Такая пауза последовала и в только что приведенном ответе, после намеков на египтянина и идумеянина. Краска, покрывшая щеки еврейского юноши, сделалась ярче: может быть, он и не слыхал последних слов, ибо оставался спокойным, глядя рассеянно в глубину пруда.

– Помните, мы в этом саду прощались. «Мир с вами» – были ваши последние слова. «Да сохранят вас боги», – сказал я. Сколько лет прошло с тех пор?

– Пять! – отвечал еврей, глядя в воду.

– Да, вам есть за что благодарить… кого? – Ну хоть богов, все равно. Вы стали красавцем, греки назвали бы вас прекрасным во цвете молодости! Если бы Юпитер нуждался в другом Ганимеде, какой бы прекрасный виночерпий вышел из вас. Скажите мне, о мой Иуда, почему вас так интересует приезд прокуратора?

Иуда устремил свои большие глаза на вопрошавшего. Взгляд его был серьезен и задумчив; встретившись с глазами римлянина, он отвечал:

– Да, пять лет я вспоминаю минуту разлуки; вы отправлялись в Рим, я видел, как вы волновались, я и сам плакал, потому что любил вас. Годы прошли – и вы вернулись ко мне возмужалый и величественный. Я не шучу – и все-таки… и все-таки мне хотелось бы видеть в вас того Мессалу, с каким я тогда расставался…

Тонкие ноздри Мессалы насмешливо вздрогнули, и он протяжно сказал:

– Нет, нет, вы не Ганимед, мой Иуда, а оракул. Несколько уроков моего учителя риторики, живущего близ Форума, необходимы для вас. Я дам вам к нему письмо, если вы благоразумно согласитесь послушаться совета, который, помните, я вам уже давал. Не большая практика в искусстве облекать все в тайну – и дельфийцы примут вас за самого Апполона. При первых звуках вашего божественного голоса Пиоия снизойдет к вам со своим венком. Но шутки в сторону, чем же непохож я на прежнего Мессалу? Я однажды слышал величайшего в мире логика, он учил искусству спорить и одно из его положений гласило: пойми своего противника прежде, чем отвечать ему. Дайте же мне возможность понять вас.
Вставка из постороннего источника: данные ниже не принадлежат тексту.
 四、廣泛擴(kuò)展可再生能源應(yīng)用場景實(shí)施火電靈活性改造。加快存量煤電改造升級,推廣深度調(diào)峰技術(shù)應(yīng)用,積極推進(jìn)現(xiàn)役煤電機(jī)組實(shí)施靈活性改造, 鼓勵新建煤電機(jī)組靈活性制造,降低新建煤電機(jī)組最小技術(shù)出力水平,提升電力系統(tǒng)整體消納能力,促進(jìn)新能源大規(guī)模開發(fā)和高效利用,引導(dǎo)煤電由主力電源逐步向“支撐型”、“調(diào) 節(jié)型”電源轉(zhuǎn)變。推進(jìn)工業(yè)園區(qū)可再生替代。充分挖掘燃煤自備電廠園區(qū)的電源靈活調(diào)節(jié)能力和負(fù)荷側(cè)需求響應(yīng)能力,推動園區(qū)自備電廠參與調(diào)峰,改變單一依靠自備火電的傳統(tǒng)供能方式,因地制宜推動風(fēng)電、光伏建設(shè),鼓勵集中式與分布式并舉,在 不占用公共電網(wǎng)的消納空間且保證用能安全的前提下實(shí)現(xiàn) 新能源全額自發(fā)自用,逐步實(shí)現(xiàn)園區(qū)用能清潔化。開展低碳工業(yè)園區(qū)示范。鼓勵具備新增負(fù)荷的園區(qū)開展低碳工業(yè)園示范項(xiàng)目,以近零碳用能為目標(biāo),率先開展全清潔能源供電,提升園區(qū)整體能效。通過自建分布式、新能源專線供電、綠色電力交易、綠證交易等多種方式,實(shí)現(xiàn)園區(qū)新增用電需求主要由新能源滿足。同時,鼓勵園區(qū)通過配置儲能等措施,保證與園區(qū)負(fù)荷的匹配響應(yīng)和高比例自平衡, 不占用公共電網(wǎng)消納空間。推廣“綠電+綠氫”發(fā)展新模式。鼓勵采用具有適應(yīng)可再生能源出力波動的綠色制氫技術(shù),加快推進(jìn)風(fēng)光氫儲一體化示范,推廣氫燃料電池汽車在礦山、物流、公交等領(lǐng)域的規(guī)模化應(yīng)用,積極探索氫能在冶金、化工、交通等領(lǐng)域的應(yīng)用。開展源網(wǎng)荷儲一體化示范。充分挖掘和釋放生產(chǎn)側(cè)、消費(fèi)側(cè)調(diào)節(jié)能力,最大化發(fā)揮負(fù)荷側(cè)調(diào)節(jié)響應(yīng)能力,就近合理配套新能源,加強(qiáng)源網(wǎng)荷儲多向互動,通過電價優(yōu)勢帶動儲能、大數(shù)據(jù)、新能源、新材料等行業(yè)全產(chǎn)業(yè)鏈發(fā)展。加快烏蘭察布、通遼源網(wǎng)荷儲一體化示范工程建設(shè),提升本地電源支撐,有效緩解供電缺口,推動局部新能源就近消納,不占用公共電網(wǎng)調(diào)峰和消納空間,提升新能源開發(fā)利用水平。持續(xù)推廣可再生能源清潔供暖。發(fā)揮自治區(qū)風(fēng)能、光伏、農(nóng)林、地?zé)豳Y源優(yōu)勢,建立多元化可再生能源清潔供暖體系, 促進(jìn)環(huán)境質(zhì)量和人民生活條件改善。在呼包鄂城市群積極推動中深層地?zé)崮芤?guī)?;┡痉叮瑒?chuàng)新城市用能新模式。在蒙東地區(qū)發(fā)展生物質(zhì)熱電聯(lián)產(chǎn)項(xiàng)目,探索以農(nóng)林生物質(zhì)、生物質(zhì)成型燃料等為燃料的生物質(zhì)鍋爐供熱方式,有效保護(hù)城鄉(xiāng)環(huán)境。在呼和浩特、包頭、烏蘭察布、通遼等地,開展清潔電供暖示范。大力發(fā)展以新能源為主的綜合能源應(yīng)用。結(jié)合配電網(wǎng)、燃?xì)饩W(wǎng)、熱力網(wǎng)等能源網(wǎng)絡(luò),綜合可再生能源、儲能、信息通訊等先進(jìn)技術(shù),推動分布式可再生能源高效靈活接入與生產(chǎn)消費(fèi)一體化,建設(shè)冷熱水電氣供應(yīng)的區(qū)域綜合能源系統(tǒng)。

Юноша покраснел под наглым взглядом, устремленным на него, но все-таки твердо отвечал:

– Я вижу, вы хорошо воспользовались представившимся вам случаем и хорошо переняли от своих учителей немало знаний и уменье выражаться. Вы говорите с развязностью учителя, но в ваших словах скрывается насмешка. В характере Мессалы не было яда. Он ни за что на свете не оскорбил бы чувства дружбы.

Римлянин улыбнулся, как бы польщенный, и поднял еще выше свою патрицианскую голову.

– О, мой торжественный Иуда, мы ведь не в Додоне, не у Пиоии. Перестаньте изображать оракула, будьте безыскусственны. Но чем я вас оскорбил?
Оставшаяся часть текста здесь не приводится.